In response to Who Are They Kidding?
The question Ramesh and John Yoo raise, namely “Can Trump be trusted on the courts?” should be tempered by a look back at the track record of Republican judicial appointments since Richard Nixon. Many of them have been stellar, including of course the late Justice Antonin Scalia, whose passing was a national tragedy. But let’s recall that the Supreme Court was dominated by an overwhelming majority of Republican appointments for three straight decades until this year, and those decades of supposedly “conservative” dominance proved bitterly disappointing in the end.
Some of those GOP appointees turned out to be pure progressives, like John Paul Stevens and David Souter. Others turned out to be highly unreliable (not to say wishy-washy) conservatives with a unfortunate penchant for “feels-like” legal reasoning, such as Anthony Kennedy and (far worse) Sandra Day O’Connor. But even our own conservative heroes, such as William Rehnquist (and, yes, even Antonin Scalia) had a far too minimalist vision of the role of judges. That went a long ways toward neutralizing the impact of having a conservative majority on the court.
Stare decisis is a bedrock principle of the Anglo-American common-law tradition, which says that once an important legal question has been decided by a court, it should stay decided with respect to future similar cases.

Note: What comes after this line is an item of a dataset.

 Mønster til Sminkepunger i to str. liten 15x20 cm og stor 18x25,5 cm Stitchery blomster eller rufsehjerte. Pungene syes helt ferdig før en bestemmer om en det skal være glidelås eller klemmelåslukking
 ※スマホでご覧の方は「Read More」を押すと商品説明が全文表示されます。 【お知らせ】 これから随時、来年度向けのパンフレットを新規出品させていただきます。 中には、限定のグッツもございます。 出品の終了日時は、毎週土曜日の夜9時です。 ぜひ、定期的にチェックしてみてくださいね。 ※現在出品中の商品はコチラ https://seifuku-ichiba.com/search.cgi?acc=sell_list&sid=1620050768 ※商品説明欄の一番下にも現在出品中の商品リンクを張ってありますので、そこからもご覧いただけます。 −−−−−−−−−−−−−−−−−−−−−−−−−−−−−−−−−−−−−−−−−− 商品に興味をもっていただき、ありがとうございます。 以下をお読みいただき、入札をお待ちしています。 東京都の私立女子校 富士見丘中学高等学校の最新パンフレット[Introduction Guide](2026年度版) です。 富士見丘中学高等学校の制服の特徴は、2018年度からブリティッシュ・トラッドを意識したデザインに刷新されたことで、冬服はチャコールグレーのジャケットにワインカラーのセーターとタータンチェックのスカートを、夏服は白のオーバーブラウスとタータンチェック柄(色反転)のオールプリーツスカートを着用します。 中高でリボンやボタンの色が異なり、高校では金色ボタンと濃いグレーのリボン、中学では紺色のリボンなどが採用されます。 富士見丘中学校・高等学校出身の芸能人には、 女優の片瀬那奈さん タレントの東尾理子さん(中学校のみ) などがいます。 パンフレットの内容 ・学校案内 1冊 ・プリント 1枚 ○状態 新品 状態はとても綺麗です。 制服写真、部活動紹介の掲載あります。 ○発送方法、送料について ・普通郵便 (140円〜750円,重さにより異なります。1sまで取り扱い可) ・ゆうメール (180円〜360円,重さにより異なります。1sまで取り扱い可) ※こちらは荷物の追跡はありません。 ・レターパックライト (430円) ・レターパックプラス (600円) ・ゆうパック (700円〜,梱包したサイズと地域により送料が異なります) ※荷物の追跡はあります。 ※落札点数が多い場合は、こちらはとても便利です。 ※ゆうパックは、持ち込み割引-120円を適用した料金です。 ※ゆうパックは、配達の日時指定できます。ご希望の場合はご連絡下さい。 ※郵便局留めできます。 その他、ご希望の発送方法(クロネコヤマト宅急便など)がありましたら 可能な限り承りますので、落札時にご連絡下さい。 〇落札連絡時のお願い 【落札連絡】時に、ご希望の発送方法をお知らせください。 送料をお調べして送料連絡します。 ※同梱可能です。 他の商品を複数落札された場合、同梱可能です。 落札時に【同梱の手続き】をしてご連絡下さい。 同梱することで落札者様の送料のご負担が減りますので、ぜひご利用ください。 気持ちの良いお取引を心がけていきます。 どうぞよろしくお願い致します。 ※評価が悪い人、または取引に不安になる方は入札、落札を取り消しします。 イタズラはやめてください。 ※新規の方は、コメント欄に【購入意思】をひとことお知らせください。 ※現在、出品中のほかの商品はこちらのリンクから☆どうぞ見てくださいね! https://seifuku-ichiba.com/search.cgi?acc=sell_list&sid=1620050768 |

But stare decisis is a dangerous principle with which to follow a period of 50 years (in this case, from 1937 until 1986) during which one terrible decision after another has had the aggregate effect of dismantling many of the Constitution’s most crucial restraints on government power. If a period of judicial activism leaves us with a series of major errors in constitutional jurisprudence, following them with a period of steadfast judicial restraint only compounds the errors.
New Deal decisions such as the 1937 case of Steward Machine Co v. Davis (on the reach of the Spending Clause) and the 1942 case of Wickard v. Filburn (on the reach of the Commerce Clause) were bad enough. But the Rehnquist opinions that essentially restated them, namely South Dakota v. Dole (1987) and United States v. Lopez (1995), settled the enormous controversy over the New Deal decisions in favor of progressive principles that are utterly poisonous to the proper functioning of our Constitution. And notice that Dole came out the way the Reagan administration hoped (giving the federal government the power to set the national drinking age, despite the constitutional amendment that repealed Prohibition), and Lopez was hailed as a great victory by conservatives. (Only the famous concurrence by Justice Clarence Thomas in Lopez reached the correct conclusion, namely that Wickard v. Filburn was wrongly decided and ought to be reversed; the consequence of that of course would be to repeal virtually the entire federal behemoth as it exists today).
In this sense, Chief Justice John Roberts is perhaps not given as much credit as he deserves. The Medicaid portion of his opinion in the Obamacare case was a clever misstatement of the rule of Dole. By pretending that Dole said something slightly different from what it actually said, Roberts opened the door just a crack for future decisions to dismantle bit by bit the terrible principle enshrined by Rehnquist in the Dole case, namely that the federal government can control state policy by the coercive manipulation of federal grants to the states. You can thank Rehnquist for the fact that President Obama can now impose transgender proclamations on the nation’s schools by threatening to withdraw federal funding, despite the fact that none of those schools are subject to federal regulatory authority.
There’s not much that even the most constitutional-conservative president can do if even the most conservative judges are not willing to overturn old cases that were terribly wrongly decided. And it’s not just a matter of finding potential appointees who (a) understand the serious problems in the commerce, spending, federalism and separation-of-powers cases going back 80 years and (b) are ready with new doctrines to replace the old ones — and those are frightfully few and far between. Worse, we have a population that believes in a federal minimum wage and the federal Medicaid program, the federal highway program, and federal education assistance to poor local-area school districts, and on and on. In other words, we have a population (and even a Republican party!) that has mostly bought into the progressive scheme of government, rather than the Constitution we actually have. And no judicial appointee is going to solve that problem.